Resilient Chinese exports of final goods kept upstream industries afloat. Regional sales of intermediates to China increased by 6% in 2020, while sales to Europe fell by 4% and to the US by 10%. Commodity exporters such as Laos and Mongolia suffered from declining sales outside the region (negative light orange bars), but rising purchases by China partially offset these declines (dark orange bars). The decline in global demand for intermediates was milder for exporters of manufactured intermediates such as Singapore and Thailand but there also, Chinese exporters mitigated the slowdown by increasing purchases of inputs. This resilience in China's demand for intermediates was due to its strong rebound after March 2020, driven by global demand for electronics.

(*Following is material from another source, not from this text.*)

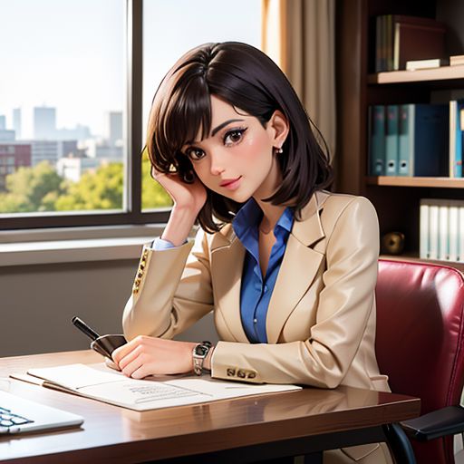 Andrea: a 50-year-old woman, 5'8", with a toned body and tanned complexion, sits at a desk in her office. She has dark brown, straight hair that falls gracefully past her shoulders, expressive brown eyes, a straight nose, and prominent cheekbones that enhance her soft facial features. Dressed in a tailored suit, she wears a classic blazer and a crisp blouse. Her jewelry includes pearl earrings, a slim gold bracelet, and a minimalist watch. The office setting features a modern desk, a computer, and neatly organized paperwork. Natural light streams through the windows, illuminating her sophisticated and professional demeanor.

Regional value chains drove the recovery from the pandemic in 2021

Developing Asia’s exports of intermediates grew across all destinations in 2021. Sales of inputs increased the most to Japan (70%) and to the rest of developing Asia (45%), reflecting catching up from the previous year’s fallout. In contrast, regional exports of intermediates to China recorded only 2% growth in 2021, given base effects against China's resilience in 2020. Chinese sales of intermediates, on the other hand, rose by a staggering 53% in 2021, driven by the recovery of manufacturing elsewhere in the region.

Conclusion

Value chains regionalized in developing Asia as China-US trade tensions mounted, reinforcing China's role as a supplier of intermediates. Value chains further regionalized with the pandemic as China cushioned the impact by providing an outlet market for exporters of intermediates and ensuring continuous supply of inputs for downstream industries. Chinese resilience across both episodes thus helped the rest of developing Asia withstand shocks. But conversely, these value chain linkages would stand to weaken regional economies if a negative shock were to hit China. To mitigate this risk, investors and policymakers should ensure that the supply chains in which their businesses and countries are involved are sufficiently diversified.